Türkiye’nin çayı ilk kez keşfedişi Osmanlı yıllarına dayanır. Osmanlı çayı ilk kez, İstanbul’da çay ithalatı yapan birkaç dükkan ile keşfeder. Çayı bu dükkanlar vasıtasıyla öğrenen Osmanlı bu büyüleyici lezzetin aromasından ve tadından fazlasıyla etkilenir.
O yıllarda çayın önemli bir lezzet olduğunu keşfeden Osmanlı bu lezzeti kendi topraklarında yetiştirmeye karar verir. Osmanlı, Çin’den özel olarak getirttiği çay fidanlarını ekmeye başlar. Fakat Bursa’nın iklimi ve toprak tipi ne yazık ki bu bitki için pek de elverişli değildir.
Bursa’da uygun yetişme şartlarını bulamayan çay bitkisi Osmanlı’yı hüsrana uğratır. Bu konuda da yeterli araştırmayı ve geliştirmeyi yapamayan Osmanlı çayı maalesef bir süre daha dışarıdan almaya devam eder.
Atatürk dönemine gelindiğinde ise kendi topraklarımıza çay yetiştirme konusu tekrar gündeme gelir. Oldukça pahalı olan kahve ithalatının da bu çalışmaların hızlanmasına sebep olduğunu söylesek pek de yanılmayız.
Atatürk’ün desteğiyle çeşitli araştırmalar ve geliştirmeler yapılarak çayın uygun yetişme alanının Karadeniz olabileceğine karar verildi.
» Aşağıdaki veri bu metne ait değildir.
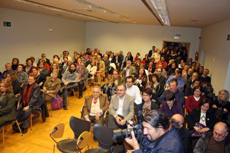 La foto es muy elocuente. Los amigos se encargaron de dejar pequeño el salón de actos del Centro Cultural Las Claras, de Murcia. Muchos de ellos permanecieron de pié, ante la imposibilidad de sentarse. Fue una noche especial para mí.
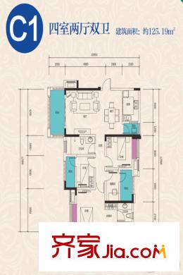 东原长岛C1四室两厅双卫 125.19平方米 4室2厅2卫1厨
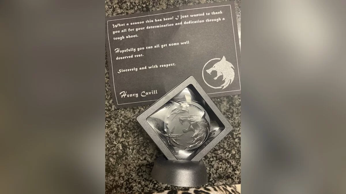 Заодно портал опубликовал фотографию металлического значка, который Генри Кавилл (Henry Cavill) подарил членам съемочной команды. С подарком шла небольшая открытка с благодарностями.
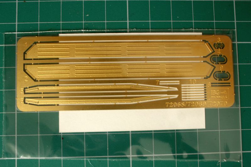 Części z tworzywa są oczywiście uzupełnione fototrawioną blaszką. W obu zestawach jest ona taka sama. Znajdują się na niej takie rzeczy jakie standardowo umieszcza się na blaszce, czyli relingi, wszelkiego rodzaju schodnie, drabiny czy działka plot. IBG poszło jednak nieco dalej i jako fototrawione zaprojektowało wszystkie osłony pomostów, co jest bardzo dobrym rozwiązaniem, ponieważ osłony te będą odpowiednio cienkie, ale też mogą dać w kość tym, którzy nie mają zbyt dużego doświadczenia w pracy z elementami fototrawionymi.
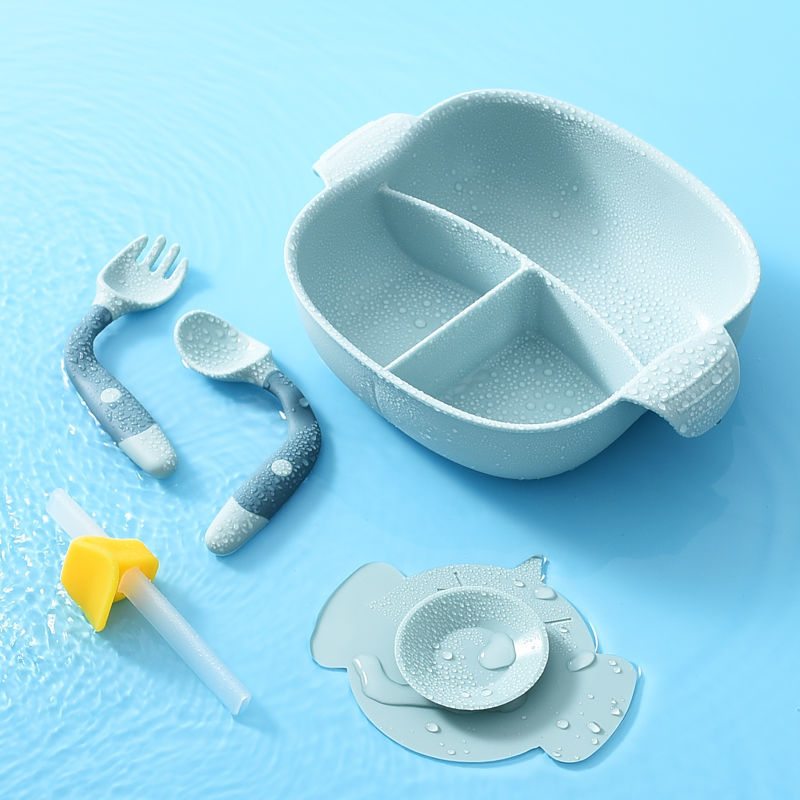 ベビーミールプレート pp 吸盤コンパートメント子供用食器セット赤ちゃんの食べることを学ぶトレーニング補助食品ボウルスプーンフォーク
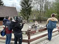 Fernsehaufnahmen im April 2022: Zoo-Chefin im Gehege der Minipferde

Bu karar doğrultusunda tekrar çay tohumları ithal edildi ve dikilmeye başlandı.
Karadeniz’in uygun iklim ve torak şartlarıyla yetişme imkanı bulan çay, Türk milletinin yüzünü güldürüyor. 1900’lü yıllarda başlayan çay macerası 1924 yılına gelince büyük bir büyüme sağlıyor. Hatta bu büyüme Rize’de çay yetiştirilmesi konusunda bir kanunun daha çıkmasına sağlıyor.
Yapılan çeşitli gelişmeler, iyileştirmeler ve yenilikler sayesinde dünyada çay yetiştiren ülkeler arasında ilk 10’a girmekteyiz.